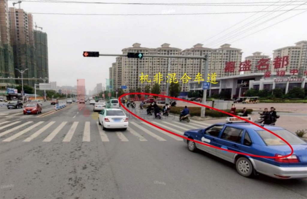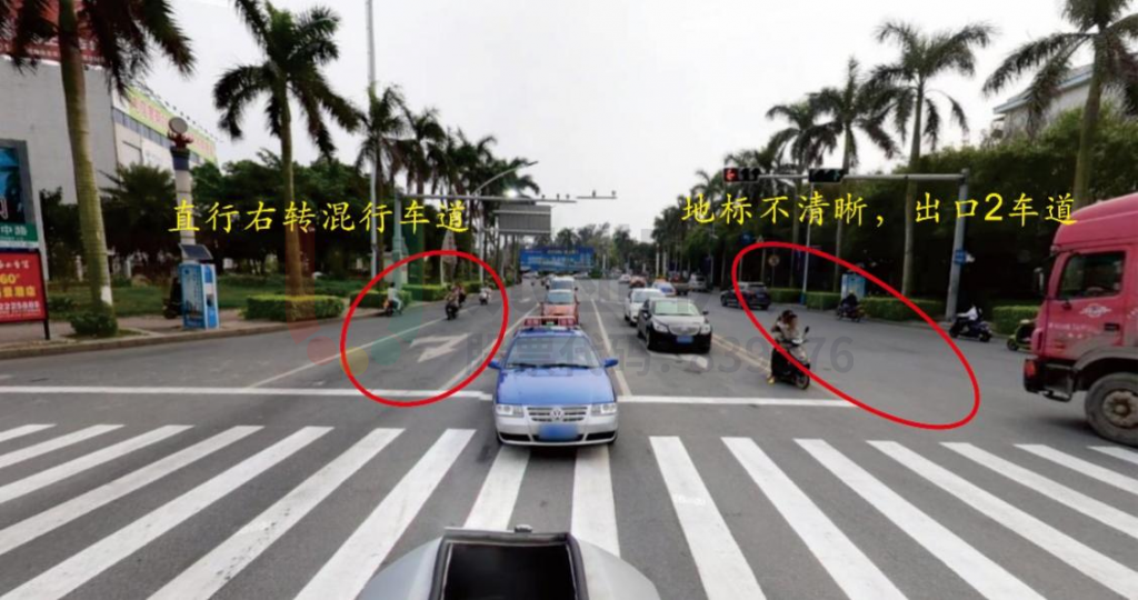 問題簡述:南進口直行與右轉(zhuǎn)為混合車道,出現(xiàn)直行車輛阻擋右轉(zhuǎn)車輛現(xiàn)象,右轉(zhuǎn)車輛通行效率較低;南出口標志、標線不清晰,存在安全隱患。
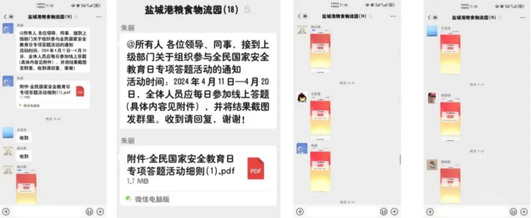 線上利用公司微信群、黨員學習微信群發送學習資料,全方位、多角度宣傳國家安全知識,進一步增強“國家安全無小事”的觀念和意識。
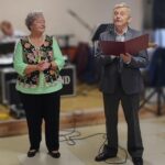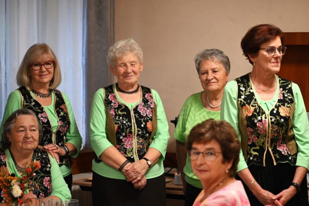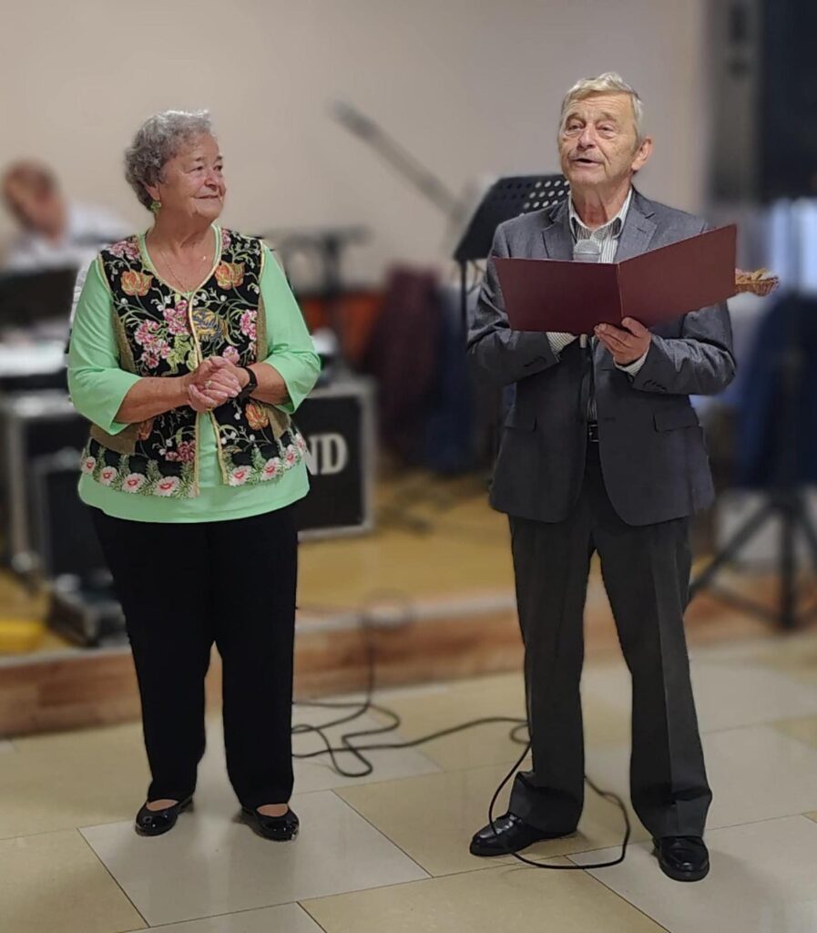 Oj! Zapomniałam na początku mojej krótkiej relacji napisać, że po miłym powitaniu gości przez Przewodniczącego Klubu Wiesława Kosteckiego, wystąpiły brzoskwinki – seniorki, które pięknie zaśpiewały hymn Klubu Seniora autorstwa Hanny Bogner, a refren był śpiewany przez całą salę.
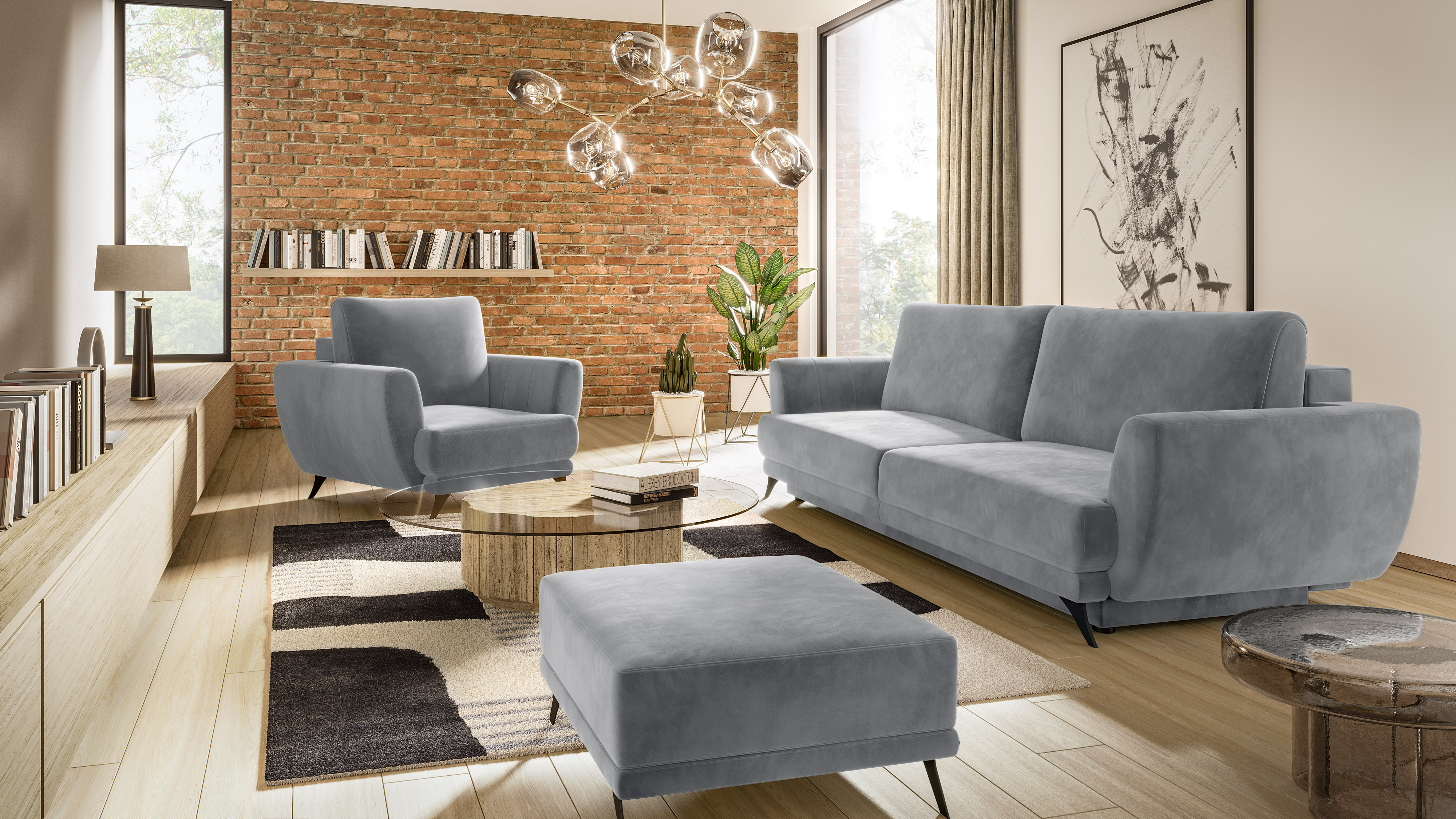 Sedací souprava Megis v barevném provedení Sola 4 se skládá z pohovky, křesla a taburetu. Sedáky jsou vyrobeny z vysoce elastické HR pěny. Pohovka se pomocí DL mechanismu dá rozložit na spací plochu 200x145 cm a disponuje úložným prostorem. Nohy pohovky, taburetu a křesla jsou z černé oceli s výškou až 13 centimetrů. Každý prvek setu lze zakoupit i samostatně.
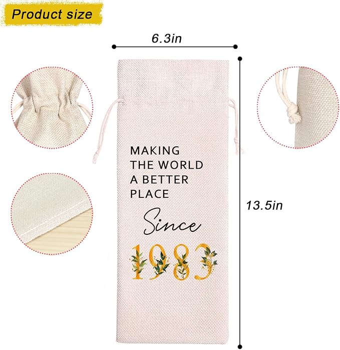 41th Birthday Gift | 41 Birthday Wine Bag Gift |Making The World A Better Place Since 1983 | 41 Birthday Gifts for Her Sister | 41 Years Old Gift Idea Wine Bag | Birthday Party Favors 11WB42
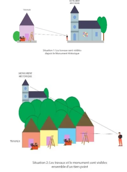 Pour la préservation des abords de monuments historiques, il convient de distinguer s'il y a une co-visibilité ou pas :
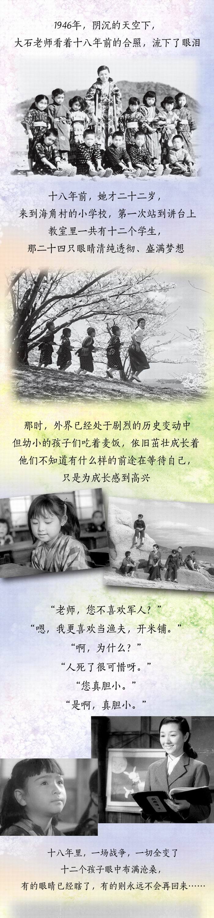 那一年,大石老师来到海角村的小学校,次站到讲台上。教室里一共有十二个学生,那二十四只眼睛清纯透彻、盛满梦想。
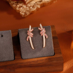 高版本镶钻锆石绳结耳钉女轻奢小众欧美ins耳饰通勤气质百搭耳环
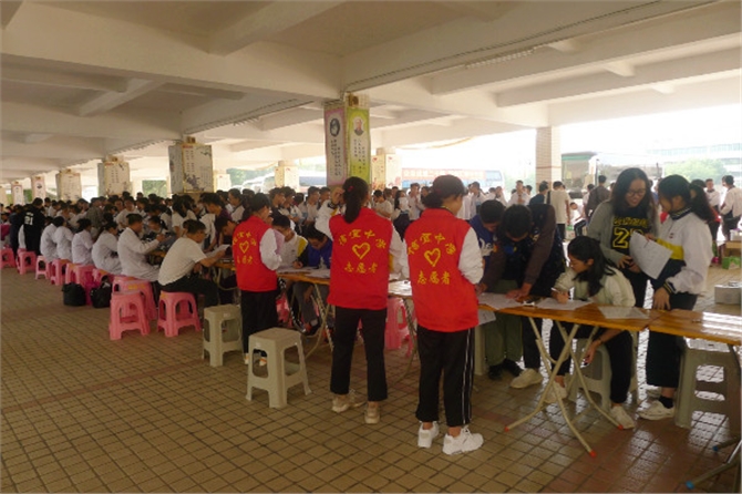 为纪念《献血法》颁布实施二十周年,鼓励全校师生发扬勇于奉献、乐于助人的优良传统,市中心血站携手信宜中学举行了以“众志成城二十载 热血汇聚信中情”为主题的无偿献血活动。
---
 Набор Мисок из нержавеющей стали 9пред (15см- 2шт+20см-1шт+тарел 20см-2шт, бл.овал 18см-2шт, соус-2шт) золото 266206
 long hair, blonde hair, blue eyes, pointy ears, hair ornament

## Activity
Out of the data above, transcribe exactly and only the lines starting with the line that has "Набор Мисок из" and going on through the line that has "long hair, blonde", both included.

## Answer for this exercise
 Набор Мисок из нержавеющей стали 9пред (15см- 2шт+20см-1шт+тарел 20см-2шт, бл.овал 18см-2шт, соус-2шт) золото 266206
 long hair, blonde hair, blue eyes, pointy ears, hair ornament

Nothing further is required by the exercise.